Many previous studies investigate the unidimensionality by examining local independence in IRT, and by concentrating the goodness of fit indices in SEM in practice. This study majorly focuses on the indices reflecting the bias effect of forcing bifactor data into a unidimesnional measurement in an SEM context. The percentage of uncontaminated correlations (PUC) index was calculated by data structure. “explained common variance” (ECV) is the variance explained by general factor divided by the total common variance, and OmegaH statistic is the variance in summed scores can be attributed to the single general factor. These indices were used to indicate the bias effect in misspecification. The result shows there is a linear relationship between ECV, PUC and structure coefficient. OmegaH will be changed as the different test length and PUC (which is highly affected by test length). The traditional fit indices such as RMSEA, CFI, and SRMR cannot used to predict bias as well as ECV, OmegaH, and PUC.
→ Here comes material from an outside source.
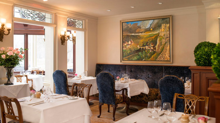 Contemporary French cuisine with emphasis on flavor and clean presentation makes a fine showing here in a most elegant 19th-century Victorian dining room. Attentive service is what you'll experience. A very good selection of Ontario wines is offered. Walls are adorned with fine European artwork, and the tables are set with fine linens, luxurious china and a full complement of elegant silverware. It is a truly luxurious setting.
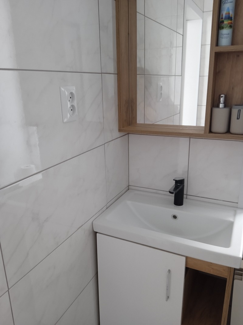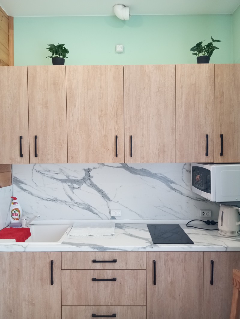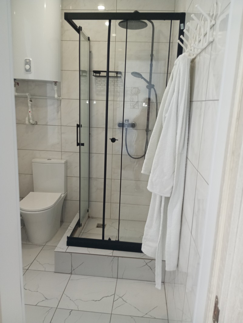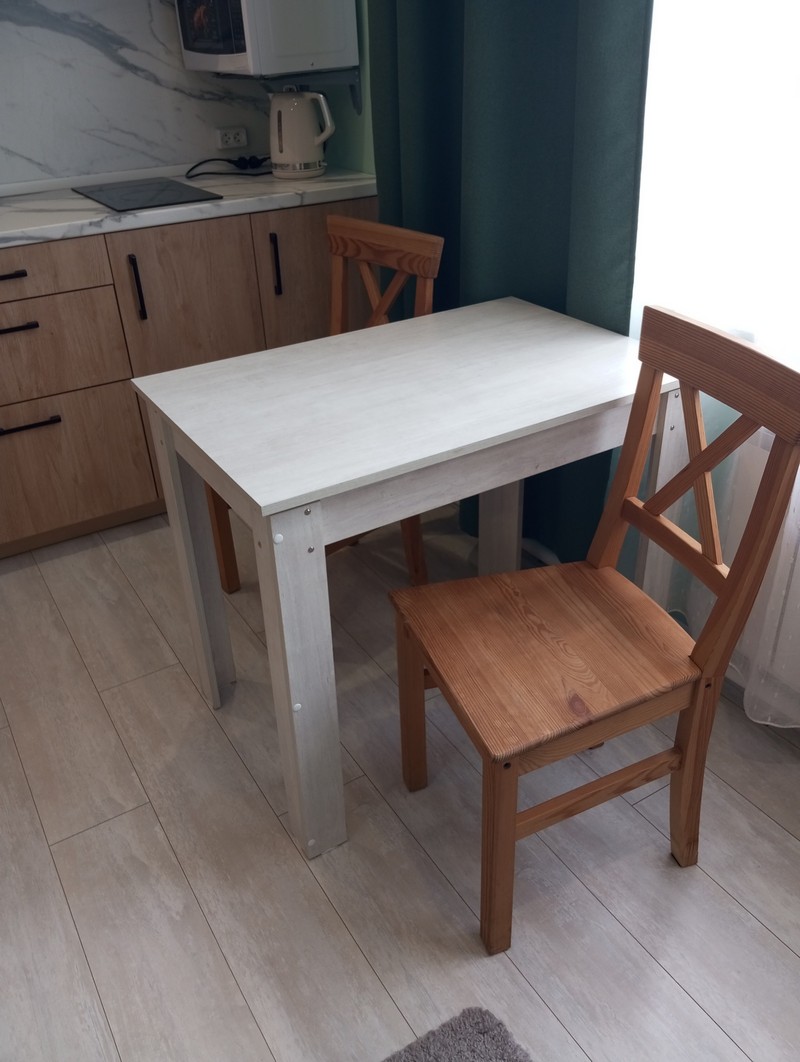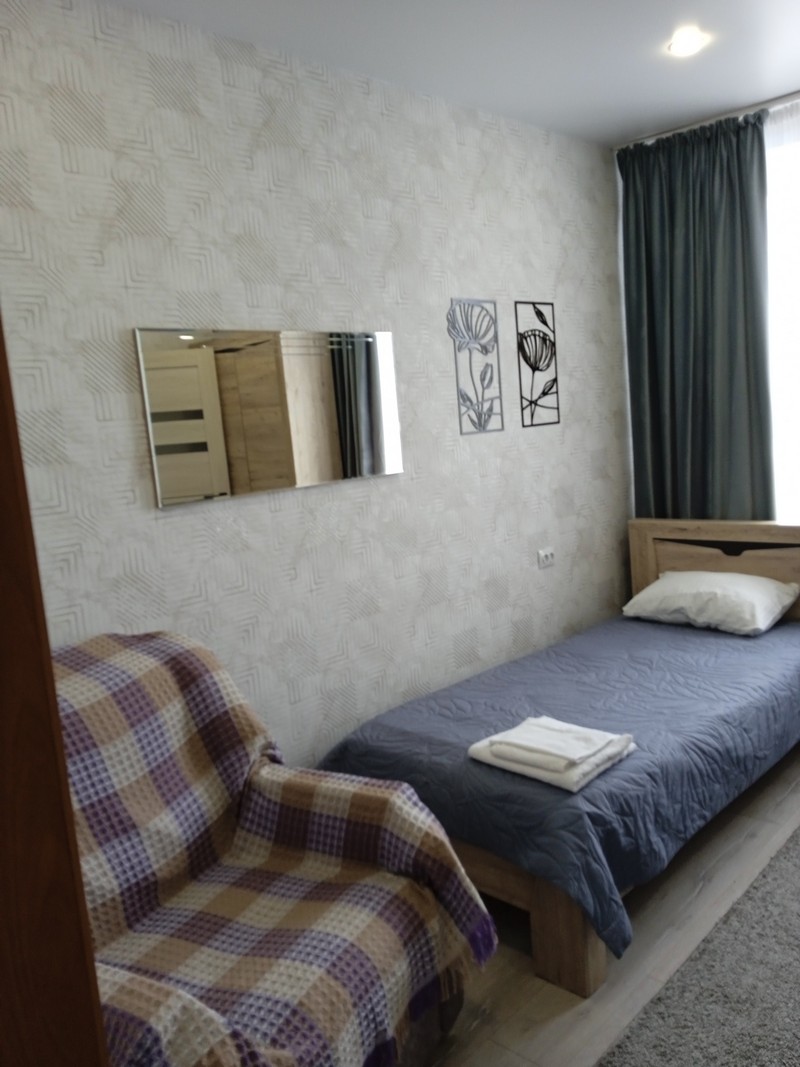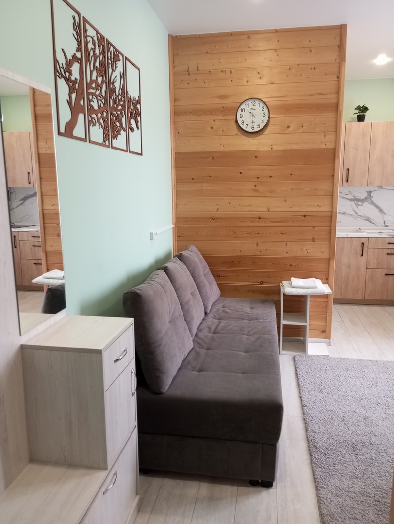 Номер состоит из двух комнат и санузла. В одной установлена двухспальная кровать, другая является кухней. В номере имеется телевизор, холодильник, микроволновая печь, и чайник.

I am curious the reason of the relationship between the data structure index (PUC) and the bias because this index is calculated by number of items, number of group factors, and number of items per group factor. This index is affected strongly by test length and group factors. In contrast to ECV and OmegaH function, it is easily to understand the proportion of General factor loading in total variance is related with the unidimensional assumption. However, ECV is unaffected by the number of items on a test but OmegaH is affected by PUC.
Secondly, the bifactor model structure is an important design for this investigation because the calculation for PUC. Nevertheless, I think the percentage of uncontaminated correlations could probably also used in the other structure because it is a kind of calculation of number of correlation. Do I misunderstand the meaning of PUC?